EXERCISE INSTRUCTIONS: Once the line containing "รวมไปถึงปุ่มปรับโหมด 4 ระดับการขับเคลื่อน" is found in the entries below, reproduce it and every line after it, stopping at and including the line containing "(A) Mean power"; reproduce nothing else, and keep each line exact.

RECORDS:

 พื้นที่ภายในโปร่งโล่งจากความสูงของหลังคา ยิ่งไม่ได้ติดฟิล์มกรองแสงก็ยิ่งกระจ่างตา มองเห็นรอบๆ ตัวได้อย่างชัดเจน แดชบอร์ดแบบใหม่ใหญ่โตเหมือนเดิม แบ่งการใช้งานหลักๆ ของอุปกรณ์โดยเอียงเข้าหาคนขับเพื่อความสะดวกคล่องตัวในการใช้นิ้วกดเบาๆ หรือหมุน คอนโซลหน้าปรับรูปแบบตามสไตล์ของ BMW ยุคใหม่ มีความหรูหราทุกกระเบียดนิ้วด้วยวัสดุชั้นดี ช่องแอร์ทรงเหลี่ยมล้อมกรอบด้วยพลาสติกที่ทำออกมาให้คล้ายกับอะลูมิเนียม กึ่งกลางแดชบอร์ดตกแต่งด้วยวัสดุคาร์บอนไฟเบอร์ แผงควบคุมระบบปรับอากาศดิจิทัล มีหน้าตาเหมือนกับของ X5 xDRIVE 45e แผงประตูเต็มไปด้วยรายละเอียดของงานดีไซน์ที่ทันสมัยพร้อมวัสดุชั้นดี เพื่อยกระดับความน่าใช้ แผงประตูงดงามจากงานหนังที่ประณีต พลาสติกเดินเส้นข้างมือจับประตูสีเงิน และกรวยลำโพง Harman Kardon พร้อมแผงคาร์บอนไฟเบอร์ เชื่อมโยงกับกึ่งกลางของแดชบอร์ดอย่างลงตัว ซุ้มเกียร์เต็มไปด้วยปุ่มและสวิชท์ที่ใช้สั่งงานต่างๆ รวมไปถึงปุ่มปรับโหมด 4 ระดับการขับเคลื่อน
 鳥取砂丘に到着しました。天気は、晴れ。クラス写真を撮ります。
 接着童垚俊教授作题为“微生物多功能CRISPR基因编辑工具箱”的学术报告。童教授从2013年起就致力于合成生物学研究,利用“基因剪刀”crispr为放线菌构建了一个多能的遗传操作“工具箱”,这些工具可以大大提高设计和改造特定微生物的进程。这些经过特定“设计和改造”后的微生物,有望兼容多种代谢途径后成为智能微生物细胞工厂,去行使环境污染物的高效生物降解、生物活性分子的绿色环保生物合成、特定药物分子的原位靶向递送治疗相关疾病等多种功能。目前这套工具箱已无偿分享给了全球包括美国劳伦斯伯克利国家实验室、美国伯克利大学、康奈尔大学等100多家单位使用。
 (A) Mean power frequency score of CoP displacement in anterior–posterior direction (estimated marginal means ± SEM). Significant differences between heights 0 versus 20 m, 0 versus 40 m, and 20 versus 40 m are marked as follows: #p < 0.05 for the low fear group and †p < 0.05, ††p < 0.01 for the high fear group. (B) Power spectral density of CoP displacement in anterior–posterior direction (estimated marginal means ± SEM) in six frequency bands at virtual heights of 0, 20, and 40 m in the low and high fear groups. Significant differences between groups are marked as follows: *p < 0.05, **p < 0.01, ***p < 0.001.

==

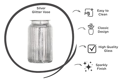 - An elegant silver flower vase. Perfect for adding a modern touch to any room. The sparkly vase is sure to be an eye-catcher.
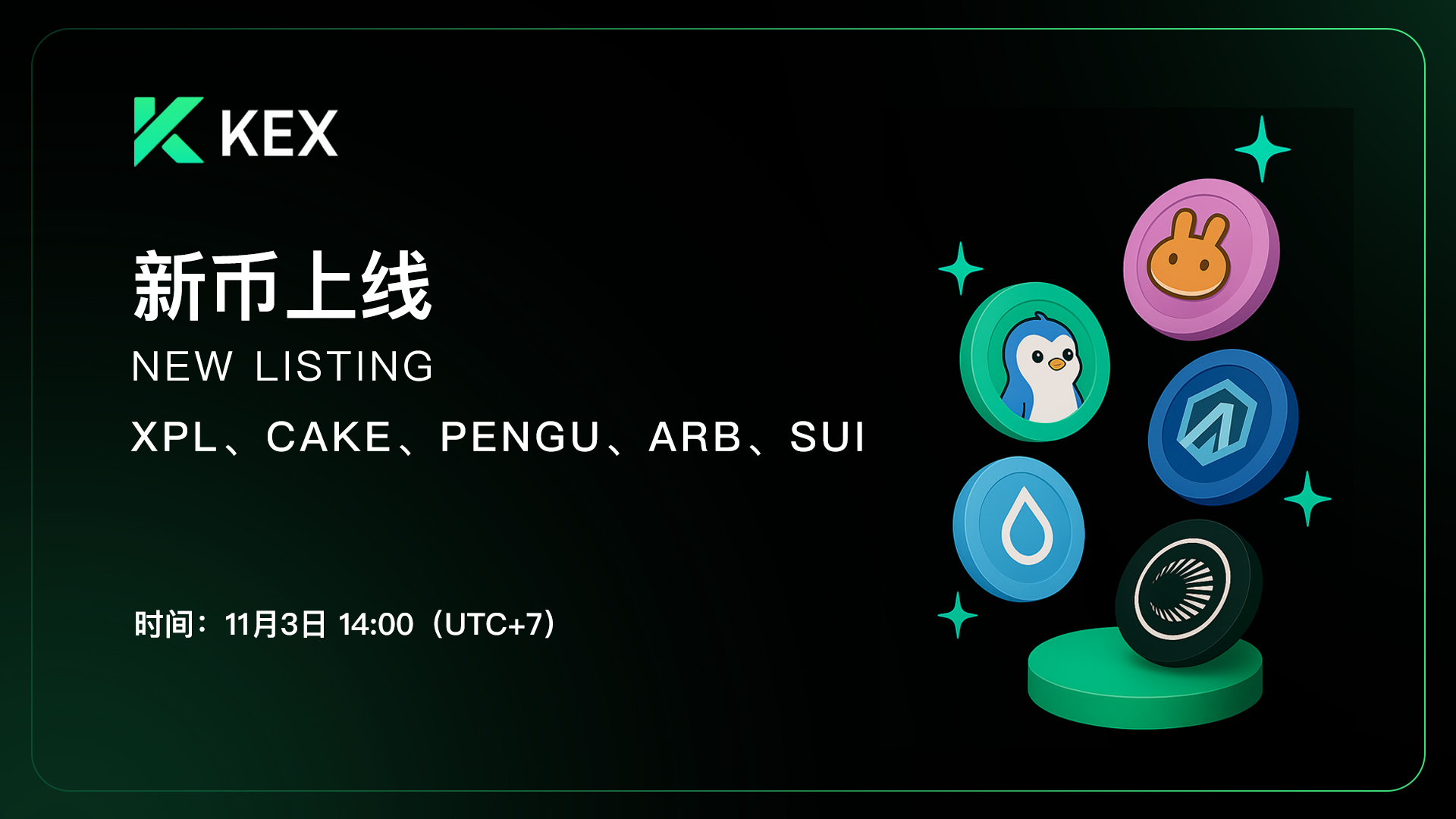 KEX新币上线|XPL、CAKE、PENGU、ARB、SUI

SOLUTION TO THE EXERCISE:
 พื้นที่ภายในโปร่งโล่งจากความสูงของหลังคา ยิ่งไม่ได้ติดฟิล์มกรองแสงก็ยิ่งกระจ่างตา มองเห็นรอบๆ ตัวได้อย่างชัดเจน แดชบอร์ดแบบใหม่ใหญ่โตเหมือนเดิม แบ่งการใช้งานหลักๆ ของอุปกรณ์โดยเอียงเข้าหาคนขับเพื่อความสะดวกคล่องตัวในการใช้นิ้วกดเบาๆ หรือหมุน คอนโซลหน้าปรับรูปแบบตามสไตล์ของ BMW ยุคใหม่ มีความหรูหราทุกกระเบียดนิ้วด้วยวัสดุชั้นดี ช่องแอร์ทรงเหลี่ยมล้อมกรอบด้วยพลาสติกที่ทำออกมาให้คล้ายกับอะลูมิเนียม กึ่งกลางแดชบอร์ดตกแต่งด้วยวัสดุคาร์บอนไฟเบอร์ แผงควบคุมระบบปรับอากาศดิจิทัล มีหน้าตาเหมือนกับของ X5 xDRIVE 45e แผงประตูเต็มไปด้วยรายละเอียดของงานดีไซน์ที่ทันสมัยพร้อมวัสดุชั้นดี เพื่อยกระดับความน่าใช้ แผงประตูงดงามจากงานหนังที่ประณีต พลาสติกเดินเส้นข้างมือจับประตูสีเงิน และกรวยลำโพง Harman Kardon พร้อมแผงคาร์บอนไฟเบอร์ เชื่อมโยงกับกึ่งกลางของแดชบอร์ดอย่างลงตัว ซุ้มเกียร์เต็มไปด้วยปุ่มและสวิชท์ที่ใช้สั่งงานต่างๆ รวมไปถึงปุ่มปรับโหมด 4 ระดับการขับเคลื่อน
 鳥取砂丘に到着しました。天気は、晴れ。クラス写真を撮ります。
 接着童垚俊教授作题为“微生物多功能CRISPR基因编辑工具箱”的学术报告。童教授从2013年起就致力于合成生物学研究,利用“基因剪刀”crispr为放线菌构建了一个多能的遗传操作“工具箱”,这些工具可以大大提高设计和改造特定微生物的进程。这些经过特定“设计和改造”后的微生物,有望兼容多种代谢途径后成为智能微生物细胞工厂,去行使环境污染物的高效生物降解、生物活性分子的绿色环保生物合成、特定药物分子的原位靶向递送治疗相关疾病等多种功能。目前这套工具箱已无偿分享给了全球包括美国劳伦斯伯克利国家实验室、美国伯克利大学、康奈尔大学等100多家单位使用。
 (A) Mean power frequency score of CoP displacement in anterior–posterior direction (estimated marginal means ± SEM). Significant differences between heights 0 versus 20 m, 0 versus 40 m, and 20 versus 40 m are marked as follows: #p < 0.05 for the low fear group and †p < 0.05, ††p < 0.01 for the high fear group. (B) Power spectral density of CoP displacement in anterior–posterior direction (estimated marginal means ± SEM) in six frequency bands at virtual heights of 0, 20, and 40 m in the low and high fear groups. Significant differences between groups are marked as follows: *p < 0.05, **p < 0.01, ***p < 0.001.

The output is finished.